# EXERCISE
Print every line of the listing below, starting with the line that holds "这项万紫千红的花卉展主题紧扣" and going on through the line that holds "High quality clear", both included, and print nothing else.

--------------------------------

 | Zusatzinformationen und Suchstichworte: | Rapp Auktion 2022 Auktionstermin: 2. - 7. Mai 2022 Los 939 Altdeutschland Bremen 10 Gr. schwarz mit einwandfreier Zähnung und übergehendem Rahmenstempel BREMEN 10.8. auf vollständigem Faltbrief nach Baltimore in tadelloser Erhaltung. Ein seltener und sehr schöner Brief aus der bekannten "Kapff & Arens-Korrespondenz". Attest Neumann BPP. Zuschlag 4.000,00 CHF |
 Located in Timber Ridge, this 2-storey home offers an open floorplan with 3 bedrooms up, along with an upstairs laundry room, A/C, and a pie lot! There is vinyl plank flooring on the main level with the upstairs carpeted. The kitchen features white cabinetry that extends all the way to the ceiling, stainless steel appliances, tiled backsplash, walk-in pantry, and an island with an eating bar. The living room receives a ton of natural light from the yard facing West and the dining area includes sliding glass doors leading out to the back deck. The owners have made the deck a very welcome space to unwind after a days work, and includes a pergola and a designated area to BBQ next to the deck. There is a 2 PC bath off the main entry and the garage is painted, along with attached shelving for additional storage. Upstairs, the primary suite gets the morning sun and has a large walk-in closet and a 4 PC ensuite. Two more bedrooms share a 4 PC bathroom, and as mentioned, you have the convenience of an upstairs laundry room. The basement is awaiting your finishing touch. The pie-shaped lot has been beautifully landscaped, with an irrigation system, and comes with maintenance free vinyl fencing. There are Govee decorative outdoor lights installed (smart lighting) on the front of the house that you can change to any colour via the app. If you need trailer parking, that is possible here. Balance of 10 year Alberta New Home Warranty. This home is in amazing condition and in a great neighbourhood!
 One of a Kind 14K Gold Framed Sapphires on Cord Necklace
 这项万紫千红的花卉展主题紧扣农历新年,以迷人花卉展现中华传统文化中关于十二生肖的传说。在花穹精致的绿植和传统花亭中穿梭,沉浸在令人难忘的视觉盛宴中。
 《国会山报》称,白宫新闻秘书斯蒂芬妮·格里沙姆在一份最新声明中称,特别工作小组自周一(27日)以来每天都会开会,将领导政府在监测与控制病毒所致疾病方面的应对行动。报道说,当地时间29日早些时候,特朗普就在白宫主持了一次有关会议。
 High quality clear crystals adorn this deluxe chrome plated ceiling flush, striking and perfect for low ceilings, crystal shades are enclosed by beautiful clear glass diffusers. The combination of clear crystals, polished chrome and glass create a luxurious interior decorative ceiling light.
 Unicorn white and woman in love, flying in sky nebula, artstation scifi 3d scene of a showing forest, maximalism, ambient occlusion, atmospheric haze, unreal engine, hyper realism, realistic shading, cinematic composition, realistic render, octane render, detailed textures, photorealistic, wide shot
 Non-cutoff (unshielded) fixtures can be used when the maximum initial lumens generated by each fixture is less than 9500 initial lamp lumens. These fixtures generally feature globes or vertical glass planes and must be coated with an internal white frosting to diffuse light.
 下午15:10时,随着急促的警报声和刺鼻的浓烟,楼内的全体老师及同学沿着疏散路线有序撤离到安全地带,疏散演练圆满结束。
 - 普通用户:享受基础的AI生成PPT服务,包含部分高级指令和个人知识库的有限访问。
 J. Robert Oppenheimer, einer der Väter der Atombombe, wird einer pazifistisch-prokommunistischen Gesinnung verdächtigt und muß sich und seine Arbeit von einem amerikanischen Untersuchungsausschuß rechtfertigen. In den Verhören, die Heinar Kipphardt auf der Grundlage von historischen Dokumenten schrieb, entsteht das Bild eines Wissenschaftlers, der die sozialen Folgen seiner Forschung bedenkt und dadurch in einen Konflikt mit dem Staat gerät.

--------------------------------

# WRITTEN ANSWER
 这项万紫千红的花卉展主题紧扣农历新年,以迷人花卉展现中华传统文化中关于十二生肖的传说。在花穹精致的绿植和传统花亭中穿梭,沉浸在令人难忘的视觉盛宴中。
 《国会山报》称,白宫新闻秘书斯蒂芬妮·格里沙姆在一份最新声明中称,特别工作小组自周一(27日)以来每天都会开会,将领导政府在监测与控制病毒所致疾病方面的应对行动。报道说,当地时间29日早些时候,特朗普就在白宫主持了一次有关会议。
 High quality clear crystals adorn this deluxe chrome plated ceiling flush, striking and perfect for low ceilings, crystal shades are enclosed by beautiful clear glass diffusers. The combination of clear crystals, polished chrome and glass create a luxurious interior decorative ceiling light.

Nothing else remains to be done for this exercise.